_EXERCISE AIM_
Leaving out all pictures, transcribe the lines below exactly, from the first through the line containing "El gobernador fue".

_COLLECTED MATERIAL_

= = = =

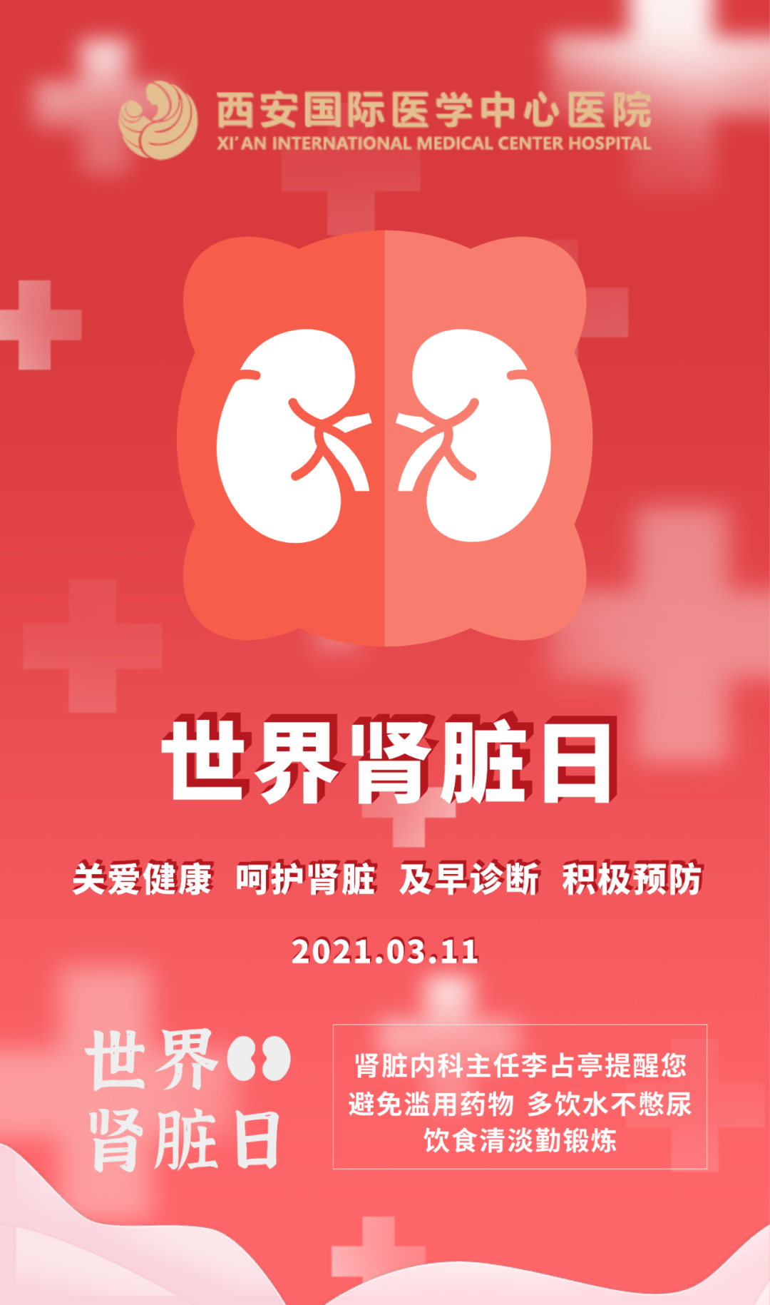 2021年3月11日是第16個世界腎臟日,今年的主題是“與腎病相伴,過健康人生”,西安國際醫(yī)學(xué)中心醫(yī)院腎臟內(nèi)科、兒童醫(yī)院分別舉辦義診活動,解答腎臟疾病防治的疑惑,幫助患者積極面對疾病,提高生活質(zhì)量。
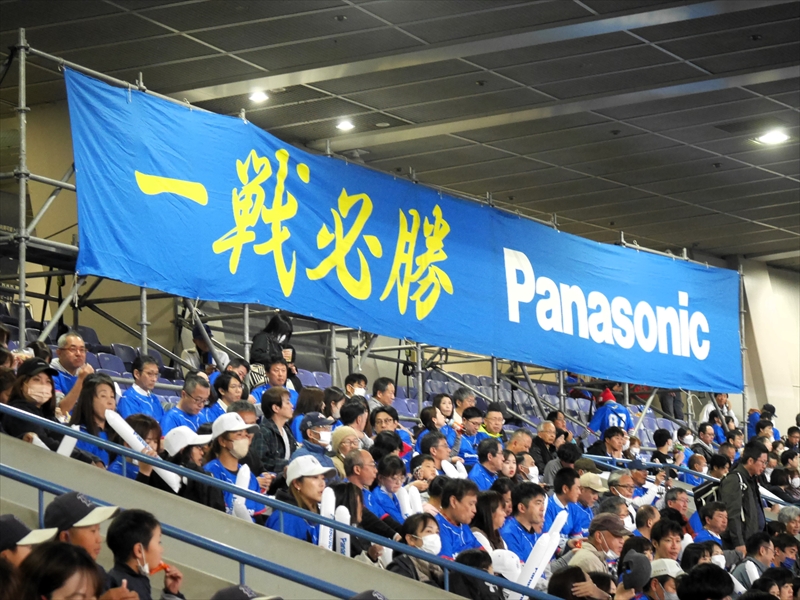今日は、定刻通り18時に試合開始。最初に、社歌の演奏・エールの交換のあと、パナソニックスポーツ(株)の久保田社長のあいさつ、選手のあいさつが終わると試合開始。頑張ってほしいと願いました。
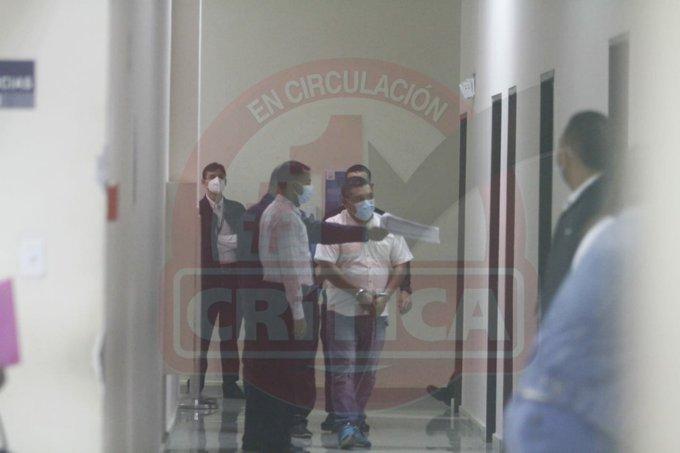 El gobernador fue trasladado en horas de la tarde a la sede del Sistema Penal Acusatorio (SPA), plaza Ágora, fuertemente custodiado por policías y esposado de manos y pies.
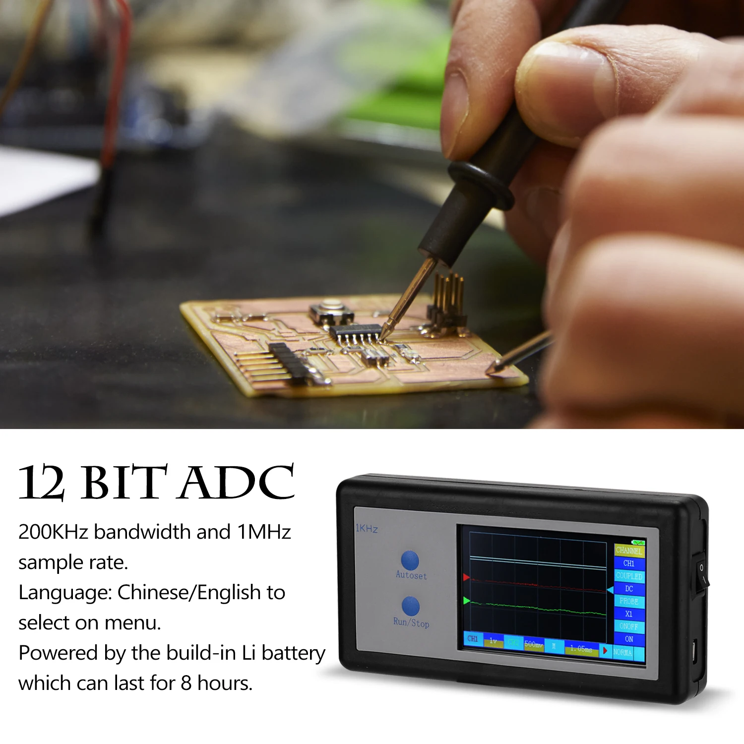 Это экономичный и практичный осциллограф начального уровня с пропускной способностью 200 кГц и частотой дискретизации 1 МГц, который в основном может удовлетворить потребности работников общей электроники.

= = = =

_ANSWER_
 2021年3月11日是第16個世界腎臟日,今年的主題是“與腎病相伴,過健康人生”,西安國際醫(yī)學(xué)中心醫(yī)院腎臟內(nèi)科、兒童醫(yī)院分別舉辦義診活動,解答腎臟疾病防治的疑惑,幫助患者積極面對疾病,提高生活質(zhì)量。
今日は、定刻通り18時に試合開始。最初に、社歌の演奏・エールの交換のあと、パナソニックスポーツ(株)の久保田社長のあいさつ、選手のあいさつが終わると試合開始。頑張ってほしいと願いました。
 El gobernador fue trasladado en horas de la tarde a la sede del Sistema Penal Acusatorio (SPA), plaza Ágora, fuertemente custodiado por policías y esposado de manos y pies.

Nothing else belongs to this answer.